Klein soulève alors non seulement la profondeur dans laquelle est ancrée la culture sur le plan du langage et des institutions, mais aussi comment elle est débattue à l’interne, ce qui mène à des formulations de politiques étrangères qui sont culturellement acceptables. La subjectivité de la culture stratégique selon le positionnement est un élément ressortant fortement de cette génération. Il est aussi intéressant de soulever les similitudes entre l’instrumentalisation dont traite la deuxième génération et le concept de discours de sécurité dans le champ des études critiques de sécurité[22].

Troisième génération

Selon certains, la deuxième génération souffrait d’une appropriation trop large du concept de culture stratégique. C’est pourquoi certains auteurs se sont penchés sur l’élaboration d’un cadre scientifique plus rigoureux de la culture stratégique durant la génération suivante.

La troisième génération, qui est très souvent représentée par les écrits de Johnston, s’opposait fermement aux conceptualisations des deux premières générations, et prônait une approche plus explicative, voire causale de la culture stratégique, se détournant de l’approche interprétative des auteurs précédents. Pour Johnston, différents États ont différentes préférences stratégiques, qui sont ancrées profondément dans les expériences antérieures de ceux-ci. Johnston utilise une approche basée sur des variables : les variables historiques sont les principales à considérer, par exemple les caractéristiques philosophiques, politiques, culturelles et cognitives des États et des élites, et les caractéristiques anhistoriques ou objectives telles que la technologie, la polarité ou les capacités matérielles relatives sont des variables de seconde importance[23],[24]. De ce fait, le comportement stratégique d’un État n’est pas complètement rationnel, dans le sens où il ne répond pas complètement aux choix des autres États[23].
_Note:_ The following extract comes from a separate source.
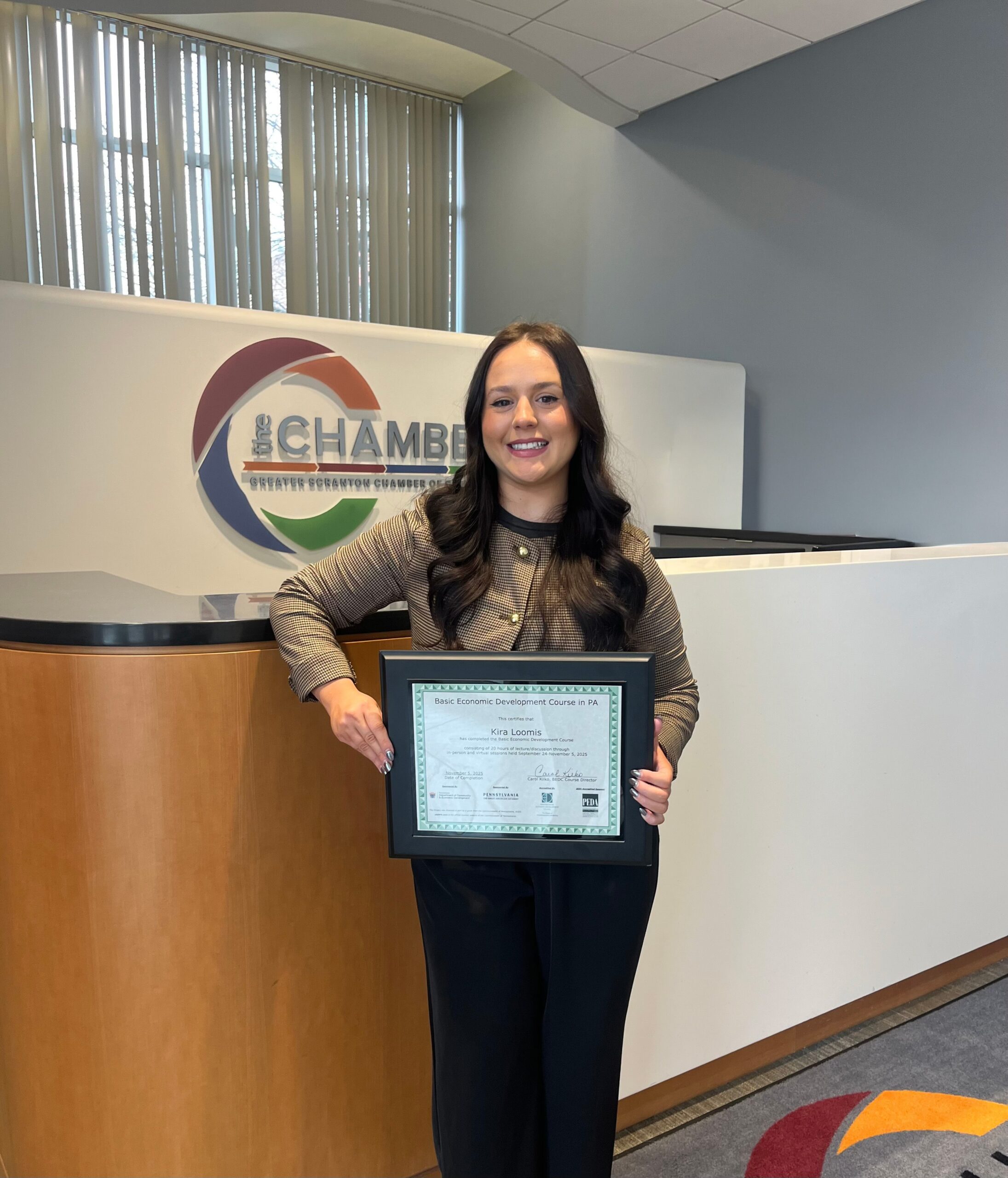 Kira Loomis Successfully Completes IEDC-Accredited Basic Economic Development Course Kira Loomis, business development specialist at The Greater Scranton Chamber of Commerce, has completed the Basic Economic Development Course (BEDC), sponsored by the Pennsylvania Economic Development Association (PEDA) and accredited by the International Economic Development Council (IEDC). The BEDC course is designed to prepare professionals with essential knowledge and skills in economic development. Throughout the course, Loomis expanded her understanding of key economic development theories, gained practical tools for navigating today’s dynamic economic landscape, and fostered meaningful connections with fellow professionals in the field. Sharing her thoughts on the achievement, Loomis expressed, “This course was an incredible opportunity to deepen my understanding of economic development and connect with professionals who are passionate about strengthening communities. I’m excited to apply what I’ve learned to make a meaningful impact.” Congratulations to Loomis on this milestone in her professional development.

Sans être nécessairement en accord avec les théories néoréalistes des relations internationales, Johnston suggère que les États vont chercher à optimiser leur utilité, en d’autres mots leur pouvoir, leurs moyens et leurs ressources; les choix stratégiques seront donc toujours faits dans une optique d’optimisation, contraints seulement par des variables comme la géographie, les capacités, les menaces, et la tendance des États à s’abstenir de tout comportement qui menacerait leur propre survie[25]. Tout en reprenant la prémisse culturaliste que les élites socialisées dans différentes cultures en arrivent à des choix stratégiques différents lorsqu’elles se retrouvent devant une situation similaire, Johnston critique ce point de vue en affirmant que les culturalistes sont inaptes à expliquer convenablement les similarités dans les comportements stratégiques à travers plusieurs cultures stratégiques différentes [25]. Plus précisément, il reproche aux intellectuels de la première génération leur définition dysfonctionnelle et désorganisée de la culture stratégique, qui souvent sous-entendait que les décisions stratégiques ne menaient qu’à un seul type de comportement [26]. Il semble inconcevable qu’une seule culture stratégique n’émerge des multiples apports à la culture. Chacun de ces apports aurait plutôt le potentiel d’engendrer une culture stratégique alternative, voire contradictoire ; une insinuation d’homogénéité dans la culture stratégique serait donc problématique [27].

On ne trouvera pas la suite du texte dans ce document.